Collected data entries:
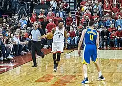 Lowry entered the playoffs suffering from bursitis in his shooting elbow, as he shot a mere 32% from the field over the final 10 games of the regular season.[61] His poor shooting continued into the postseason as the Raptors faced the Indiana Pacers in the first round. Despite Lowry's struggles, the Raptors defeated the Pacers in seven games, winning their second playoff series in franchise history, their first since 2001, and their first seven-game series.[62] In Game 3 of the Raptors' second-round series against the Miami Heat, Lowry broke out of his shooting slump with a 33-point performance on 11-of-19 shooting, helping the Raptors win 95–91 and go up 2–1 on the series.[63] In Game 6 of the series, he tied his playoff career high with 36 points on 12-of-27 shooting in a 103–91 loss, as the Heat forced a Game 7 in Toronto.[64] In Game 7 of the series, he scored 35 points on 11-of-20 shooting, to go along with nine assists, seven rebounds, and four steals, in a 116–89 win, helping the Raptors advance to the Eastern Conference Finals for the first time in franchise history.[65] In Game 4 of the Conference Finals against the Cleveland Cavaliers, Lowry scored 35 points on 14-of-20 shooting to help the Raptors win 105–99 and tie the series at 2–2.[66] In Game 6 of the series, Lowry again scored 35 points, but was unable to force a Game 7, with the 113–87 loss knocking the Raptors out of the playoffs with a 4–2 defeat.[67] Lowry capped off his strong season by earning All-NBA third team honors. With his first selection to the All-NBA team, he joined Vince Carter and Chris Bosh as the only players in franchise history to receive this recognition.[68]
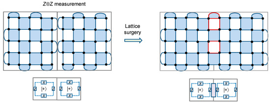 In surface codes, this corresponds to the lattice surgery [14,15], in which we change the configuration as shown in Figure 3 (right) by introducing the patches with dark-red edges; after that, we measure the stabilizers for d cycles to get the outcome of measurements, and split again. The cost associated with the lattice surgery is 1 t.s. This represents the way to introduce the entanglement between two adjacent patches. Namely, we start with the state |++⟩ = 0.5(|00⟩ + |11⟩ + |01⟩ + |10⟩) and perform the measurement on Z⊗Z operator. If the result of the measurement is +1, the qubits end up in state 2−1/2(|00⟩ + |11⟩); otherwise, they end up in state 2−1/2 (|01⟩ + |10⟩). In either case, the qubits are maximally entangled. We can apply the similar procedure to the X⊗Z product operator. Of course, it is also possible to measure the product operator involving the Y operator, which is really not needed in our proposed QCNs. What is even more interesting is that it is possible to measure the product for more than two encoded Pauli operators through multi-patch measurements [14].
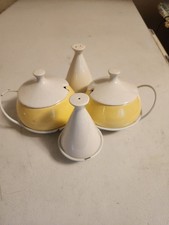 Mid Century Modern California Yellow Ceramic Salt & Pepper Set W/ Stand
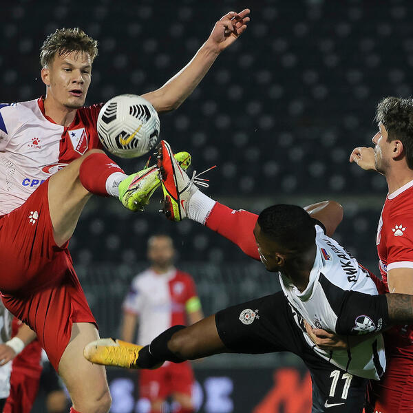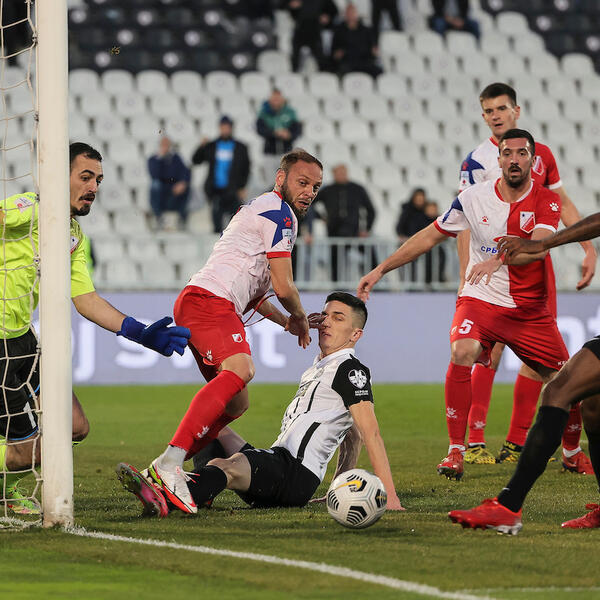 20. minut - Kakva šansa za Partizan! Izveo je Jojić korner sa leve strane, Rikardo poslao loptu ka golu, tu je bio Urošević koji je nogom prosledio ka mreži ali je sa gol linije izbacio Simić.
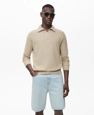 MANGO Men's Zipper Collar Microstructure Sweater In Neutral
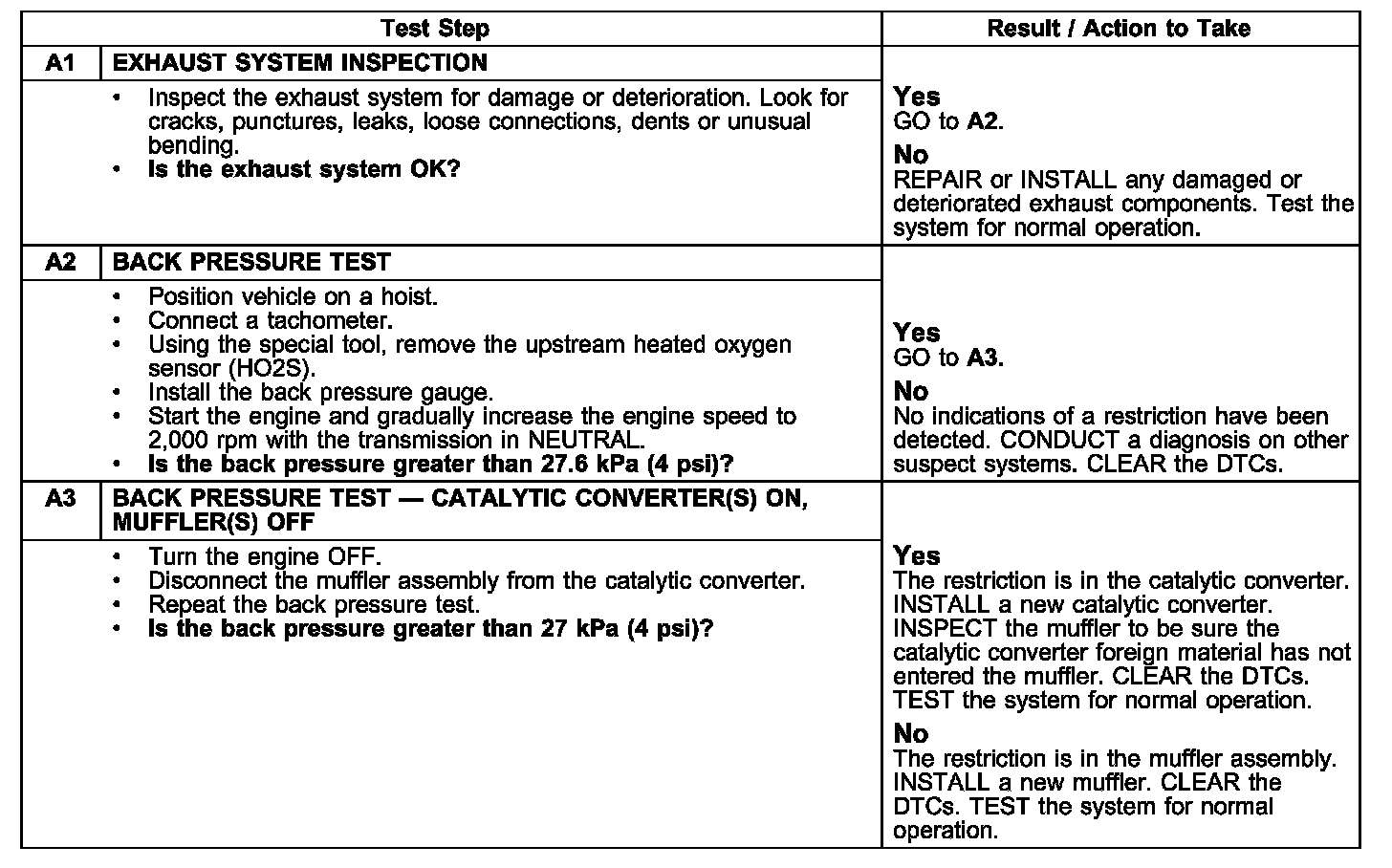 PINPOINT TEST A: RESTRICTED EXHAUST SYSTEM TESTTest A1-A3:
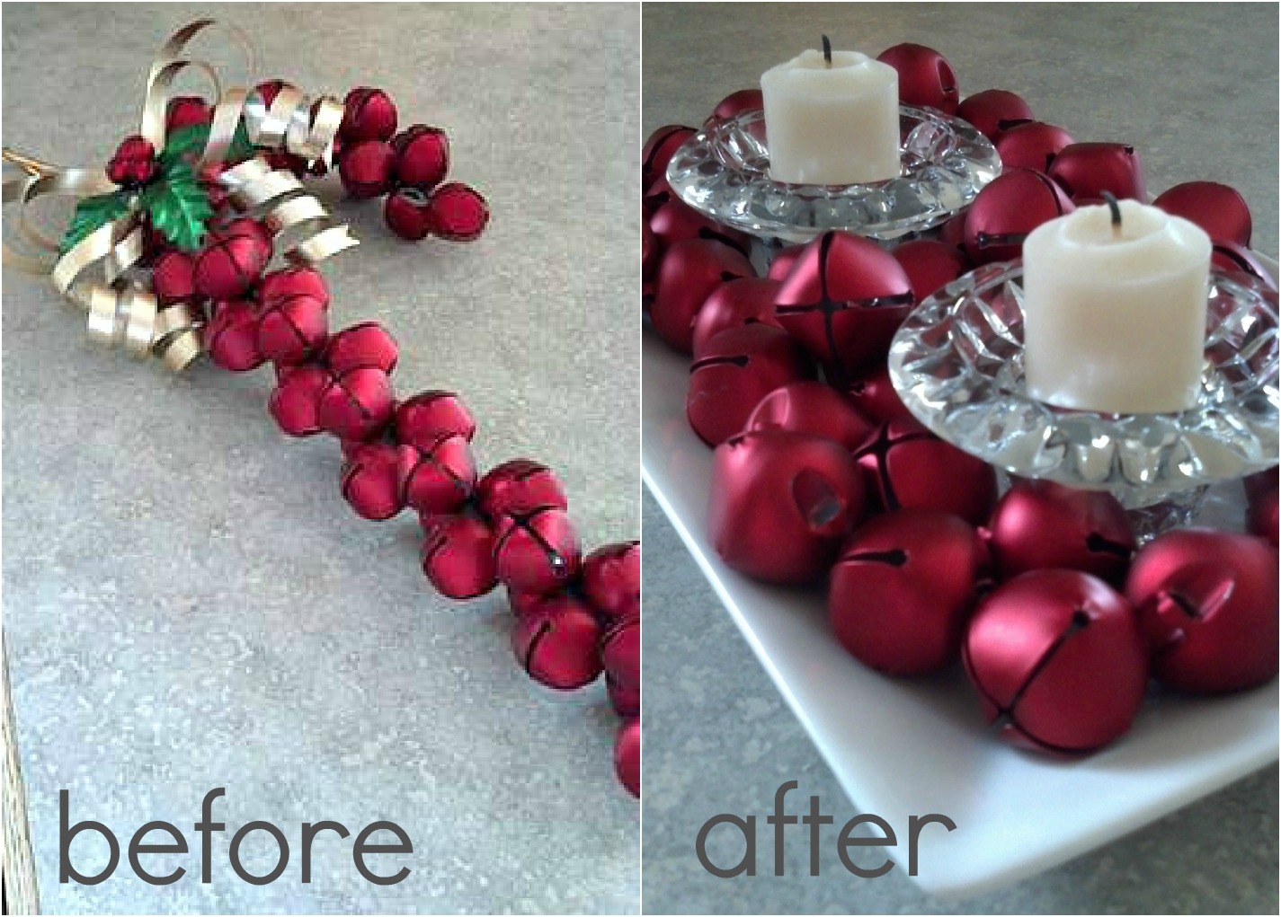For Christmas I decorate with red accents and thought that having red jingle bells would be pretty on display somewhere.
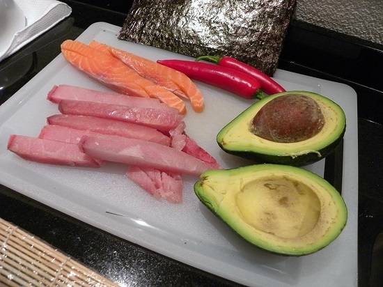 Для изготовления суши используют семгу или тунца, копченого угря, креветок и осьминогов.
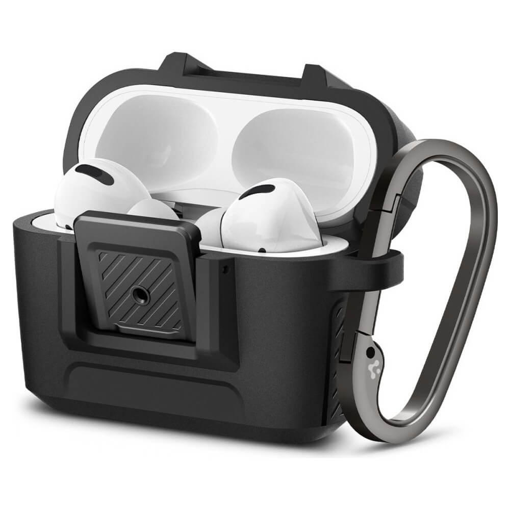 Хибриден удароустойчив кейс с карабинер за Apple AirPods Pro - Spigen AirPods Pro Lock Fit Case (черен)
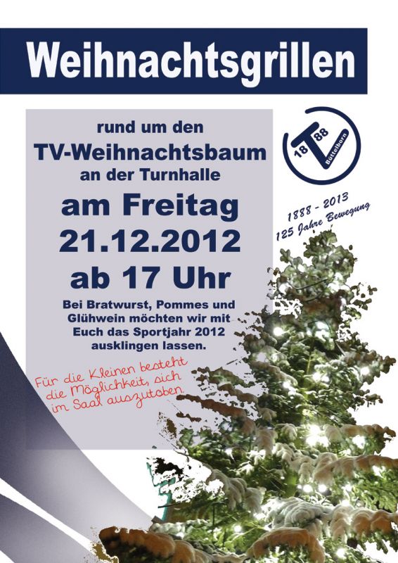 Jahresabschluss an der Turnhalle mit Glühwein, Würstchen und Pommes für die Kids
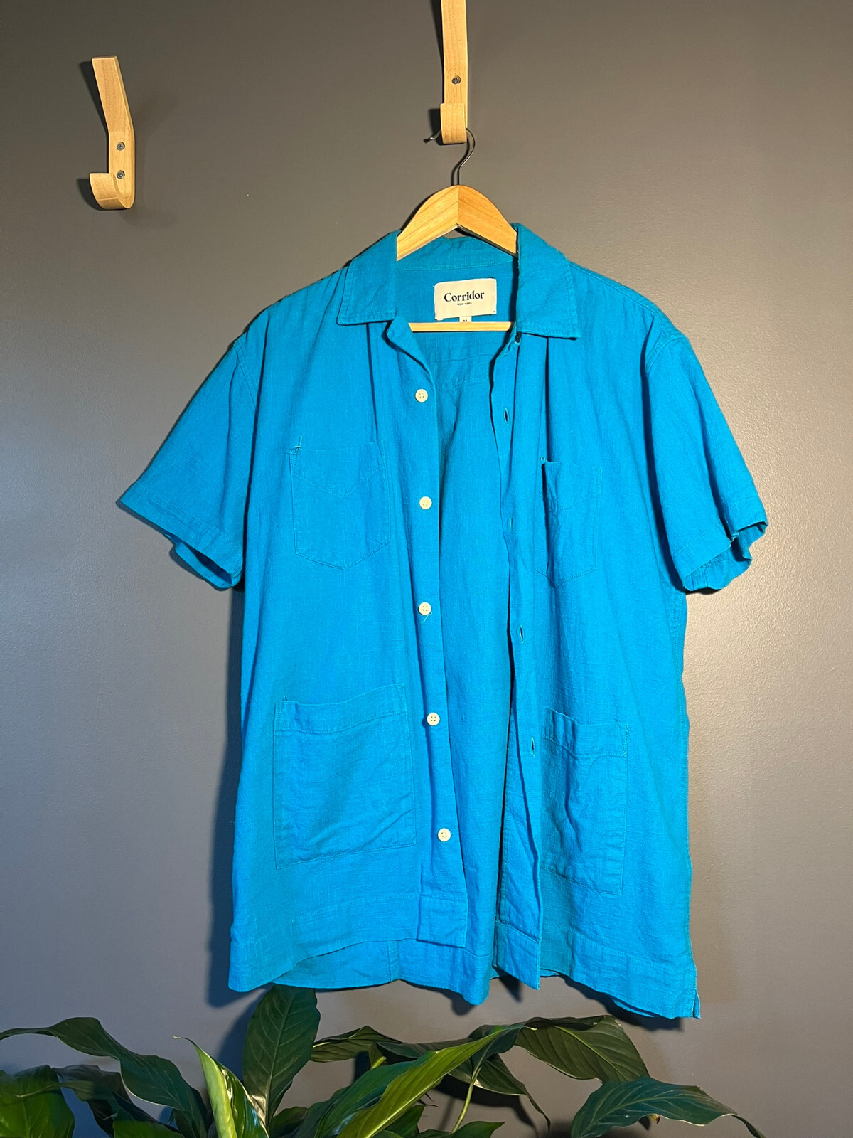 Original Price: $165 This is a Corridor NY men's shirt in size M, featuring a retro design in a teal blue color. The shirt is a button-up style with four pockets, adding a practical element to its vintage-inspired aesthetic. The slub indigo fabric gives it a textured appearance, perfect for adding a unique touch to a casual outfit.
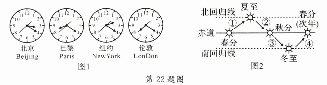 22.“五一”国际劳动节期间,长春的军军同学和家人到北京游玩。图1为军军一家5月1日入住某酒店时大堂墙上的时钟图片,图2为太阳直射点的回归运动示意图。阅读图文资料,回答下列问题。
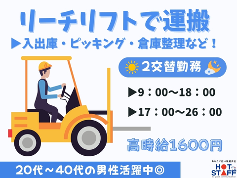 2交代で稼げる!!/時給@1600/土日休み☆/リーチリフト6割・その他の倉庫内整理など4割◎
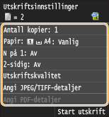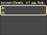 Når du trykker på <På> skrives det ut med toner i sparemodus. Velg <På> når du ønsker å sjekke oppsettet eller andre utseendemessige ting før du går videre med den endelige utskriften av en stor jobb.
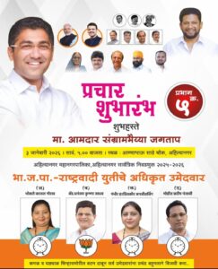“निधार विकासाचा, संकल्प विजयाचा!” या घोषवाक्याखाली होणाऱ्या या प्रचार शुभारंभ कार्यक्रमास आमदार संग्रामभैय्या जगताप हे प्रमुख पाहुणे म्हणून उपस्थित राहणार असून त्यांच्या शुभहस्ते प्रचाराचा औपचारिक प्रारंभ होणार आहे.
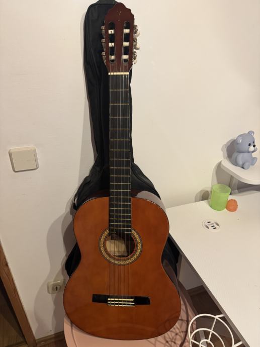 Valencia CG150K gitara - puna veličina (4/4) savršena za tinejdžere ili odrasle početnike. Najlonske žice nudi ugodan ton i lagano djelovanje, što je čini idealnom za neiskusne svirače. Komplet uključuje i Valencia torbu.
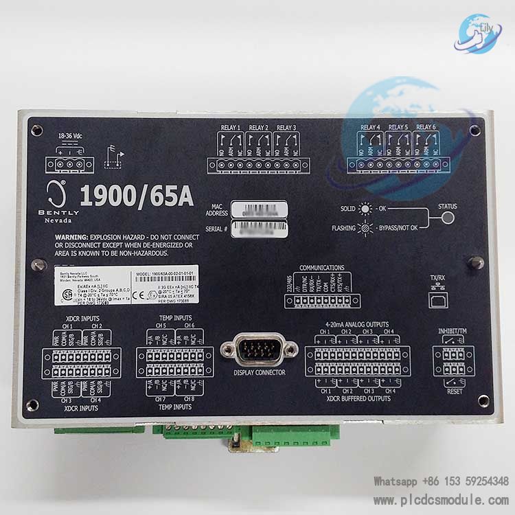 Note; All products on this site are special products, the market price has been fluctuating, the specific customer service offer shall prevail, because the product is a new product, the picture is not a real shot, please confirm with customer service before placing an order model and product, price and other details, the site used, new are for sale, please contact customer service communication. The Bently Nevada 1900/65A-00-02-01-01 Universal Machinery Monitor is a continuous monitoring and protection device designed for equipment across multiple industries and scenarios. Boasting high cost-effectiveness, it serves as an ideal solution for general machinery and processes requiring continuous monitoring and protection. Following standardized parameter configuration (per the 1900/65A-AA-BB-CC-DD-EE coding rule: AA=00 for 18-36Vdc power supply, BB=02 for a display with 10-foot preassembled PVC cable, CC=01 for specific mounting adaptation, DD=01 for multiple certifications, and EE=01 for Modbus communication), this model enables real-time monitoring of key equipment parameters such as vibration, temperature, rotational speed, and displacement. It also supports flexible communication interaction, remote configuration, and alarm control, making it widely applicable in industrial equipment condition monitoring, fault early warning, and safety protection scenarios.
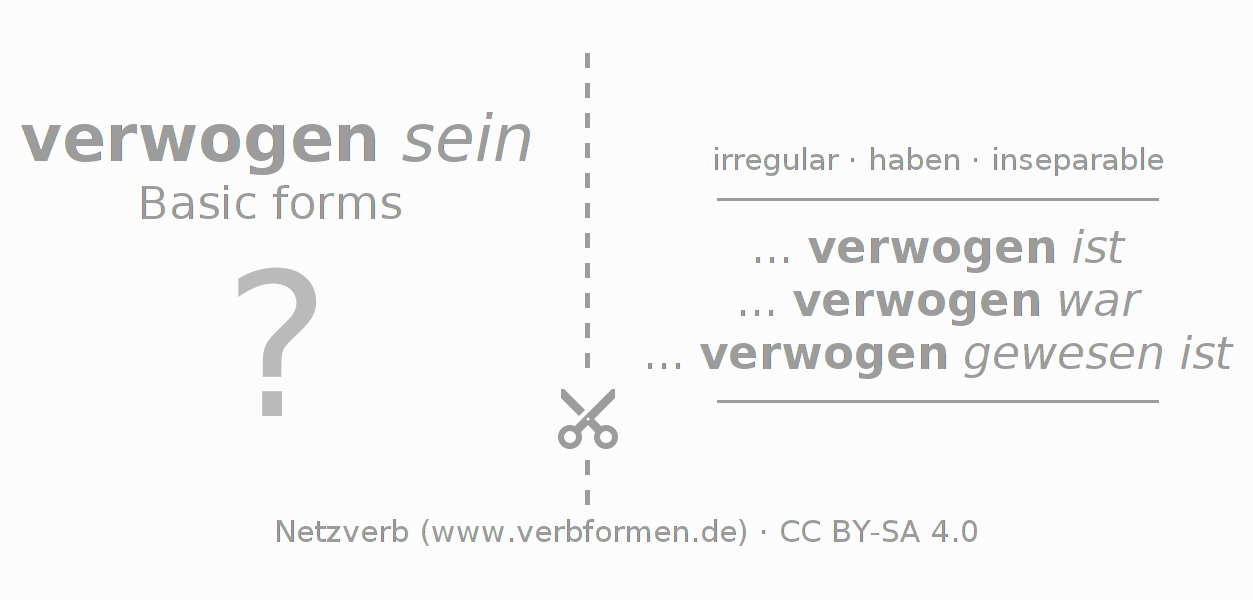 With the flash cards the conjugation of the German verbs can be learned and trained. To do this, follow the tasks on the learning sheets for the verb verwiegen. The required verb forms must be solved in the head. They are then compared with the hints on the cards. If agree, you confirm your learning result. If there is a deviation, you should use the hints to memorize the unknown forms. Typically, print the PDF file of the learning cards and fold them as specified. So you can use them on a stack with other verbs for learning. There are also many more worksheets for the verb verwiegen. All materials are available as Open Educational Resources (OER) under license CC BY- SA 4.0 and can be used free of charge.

## WHAT THE TASK REQUIRES
Without the pictures, give back the entries exactly.

## TASK SOLUTION
 Lowry entered the playoffs suffering from bursitis in his shooting elbow, as he shot a mere 32% from the field over the final 10 games of the regular season.[61] His poor shooting continued into the postseason as the Raptors faced the Indiana Pacers in the first round. Despite Lowry's struggles, the Raptors defeated the Pacers in seven games, winning their second playoff series in franchise history, their first since 2001, and their first seven-game series.[62] In Game 3 of the Raptors' second-round series against the Miami Heat, Lowry broke out of his shooting slump with a 33-point performance on 11-of-19 shooting, helping the Raptors win 95–91 and go up 2–1 on the series.[63] In Game 6 of the series, he tied his playoff career high with 36 points on 12-of-27 shooting in a 103–91 loss, as the Heat forced a Game 7 in Toronto.[64] In Game 7 of the series, he scored 35 points on 11-of-20 shooting, to go along with nine assists, seven rebounds, and four steals, in a 116–89 win, helping the Raptors advance to the Eastern Conference Finals for the first time in franchise history.[65] In Game 4 of the Conference Finals against the Cleveland Cavaliers, Lowry scored 35 points on 14-of-20 shooting to help the Raptors win 105–99 and tie the series at 2–2.[66] In Game 6 of the series, Lowry again scored 35 points, but was unable to force a Game 7, with the 113–87 loss knocking the Raptors out of the playoffs with a 4–2 defeat.[67] Lowry capped off his strong season by earning All-NBA third team honors. With his first selection to the All-NBA team, he joined Vince Carter and Chris Bosh as the only players in franchise history to receive this recognition.[68]
 In surface codes, this corresponds to the lattice surgery [14,15], in which we change the configuration as shown in Figure 3 (right) by introducing the patches with dark-red edges; after that, we measure the stabilizers for d cycles to get the outcome of measurements, and split again. The cost associated with the lattice surgery is 1 t.s. This represents the way to introduce the entanglement between two adjacent patches. Namely, we start with the state |++⟩ = 0.5(|00⟩ + |11⟩ + |01⟩ + |10⟩) and perform the measurement on Z⊗Z operator. If the result of the measurement is +1, the qubits end up in state 2−1/2(|00⟩ + |11⟩); otherwise, they end up in state 2−1/2 (|01⟩ + |10⟩). In either case, the qubits are maximally entangled. We can apply the similar procedure to the X⊗Z product operator. Of course, it is also possible to measure the product operator involving the Y operator, which is really not needed in our proposed QCNs. What is even more interesting is that it is possible to measure the product for more than two encoded Pauli operators through multi-patch measurements [14].
 Mid Century Modern California Yellow Ceramic Salt & Pepper Set W/ Stand
 20. minut - Kakva šansa za Partizan! Izveo je Jojić korner sa leve strane, Rikardo poslao loptu ka golu, tu je bio Urošević koji je nogom prosledio ka mreži ali je sa gol linije izbacio Simić.
 MANGO Men's Zipper Collar Microstructure Sweater In Neutral
 PINPOINT TEST A: RESTRICTED EXHAUST SYSTEM TESTTest A1-A3:
For Christmas I decorate with red accents and thought that having red jingle bells would be pretty on display somewhere.
 Для изготовления суши используют семгу или тунца, копченого угря, креветок и осьминогов.
 Хибриден удароустойчив кейс с карабинер за Apple AirPods Pro - Spigen AirPods Pro Lock Fit Case (черен)
 Jahresabschluss an der Turnhalle mit Glühwein, Würstchen und Pommes für die Kids
 Original Price: $165 This is a Corridor NY men's shirt in size M, featuring a retro design in a teal blue color. The shirt is a button-up style with four pockets, adding a practical element to its vintage-inspired aesthetic. The slub indigo fabric gives it a textured appearance, perfect for adding a unique touch to a casual outfit.
 22.“五一”国际劳动节期间,长春的军军同学和家人到北京游玩。图1为军军一家5月1日入住某酒店时大堂墙上的时钟图片,图2为太阳直射点的回归运动示意图。阅读图文资料,回答下列问题。
 2交代で稼げる!!/時給@1600/土日休み☆/リーチリフト6割・その他の倉庫内整理など4割◎
 Når du trykker på <På> skrives det ut med toner i sparemodus. Velg <På> når du ønsker å sjekke oppsettet eller andre utseendemessige ting før du går videre med den endelige utskriften av en stor jobb.
“निधार विकासाचा, संकल्प विजयाचा!” या घोषवाक्याखाली होणाऱ्या या प्रचार शुभारंभ कार्यक्रमास आमदार संग्रामभैय्या जगताप हे प्रमुख पाहुणे म्हणून उपस्थित राहणार असून त्यांच्या शुभहस्ते प्रचाराचा औपचारिक प्रारंभ होणार आहे.
 Valencia CG150K gitara - puna veličina (4/4) savršena za tinejdžere ili odrasle početnike. Najlonske žice nudi ugodan ton i lagano djelovanje, što je čini idealnom za neiskusne svirače. Komplet uključuje i Valencia torbu.
 Note; All products on this site are special products, the market price has been fluctuating, the specific customer service offer shall prevail, because the product is a new product, the picture is not a real shot, please confirm with customer service before placing an order model and product, price and other details, the site used, new are for sale, please contact customer service communication. The Bently Nevada 1900/65A-00-02-01-01 Universal Machinery Monitor is a continuous monitoring and protection device designed for equipment across multiple industries and scenarios. Boasting high cost-effectiveness, it serves as an ideal solution for general machinery and processes requiring continuous monitoring and protection. Following standardized parameter configuration (per the 1900/65A-AA-BB-CC-DD-EE coding rule: AA=00 for 18-36Vdc power supply, BB=02 for a display with 10-foot preassembled PVC cable, CC=01 for specific mounting adaptation, DD=01 for multiple certifications, and EE=01 for Modbus communication), this model enables real-time monitoring of key equipment parameters such as vibration, temperature, rotational speed, and displacement. It also supports flexible communication interaction, remote configuration, and alarm control, making it widely applicable in industrial equipment condition monitoring, fault early warning, and safety protection scenarios.
 With the flash cards the conjugation of the German verbs can be learned and trained. To do this, follow the tasks on the learning sheets for the verb verwiegen. The required verb forms must be solved in the head. They are then compared with the hints on the cards. If agree, you confirm your learning result. If there is a deviation, you should use the hints to memorize the unknown forms. Typically, print the PDF file of the learning cards and fold them as specified. So you can use them on a stack with other verbs for learning. There are also many more worksheets for the verb verwiegen. All materials are available as Open Educational Resources (OER) under license CC BY- SA 4.0 and can be used free of charge.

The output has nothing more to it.